Cases and controls are important when anticipating or conducting an epidemiological study. This is because both controls and cases are factors that can be used to compare and contrast on the outcome of the epidemiological study. These factors (i.e. cases and controls) helps the researcher or investigator to evaluate properly, the outcome of any experiment or study conducted in a given locality or population. In this section, the sources of both controls and cases for an epidemiological study are briefly highlighted in this section.
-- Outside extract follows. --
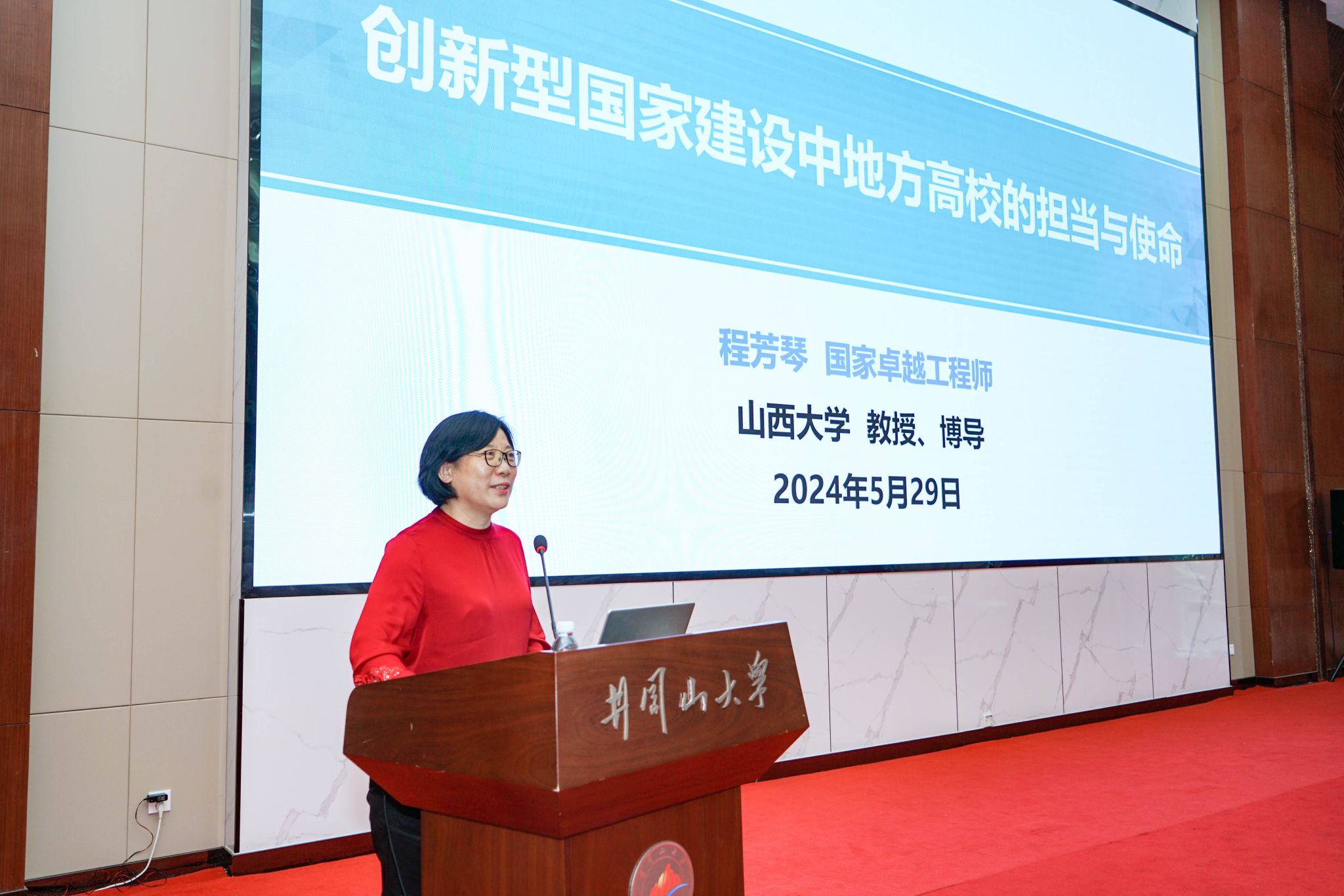 程芳琴以“创新型国家建设中地方高校的担当与使命”为题,提出要将创新理念融入人才培养全过程,加强产学研深度融合,推动科技成果转化与应用。她指出,地方高校作为培养创新人才的重要基地,应当积极担当起社会责任,为创新型国家建设贡献力量。程芳琴强调了科研团队和平台建设的重要性,鼓励师生参与重大科研项目,提升学校的整体科研水平。

Cases in an epidemiological study can be sourced in any of the following ways:
- Data from hospital registries, clinics and disease screening records.
- All cases diagnosed in a particular hospital department at a given time.
- All cases diagnosed in the community/population.
- All cases diagnosed in all hospitals (public or private).
- All cases diagnosed in a sample or fraction of the population/community.
SOURCES OF CONTROLS IN AN EPIDEMIOLOGICAL STUDY
Controls in an epidemiological study can be sourced in any of the following ways:
- Samples of patients who do not have the disease under study in all hospitals.
- Samples from members of the general community/population who are at risk for the disease as the cases.
- Relations, spouses, children or companions of the cases.
- Samples of patients in the same hospital where cases were obtained from and, who do not have the disease.
- Non-cases in a sample of the community/population.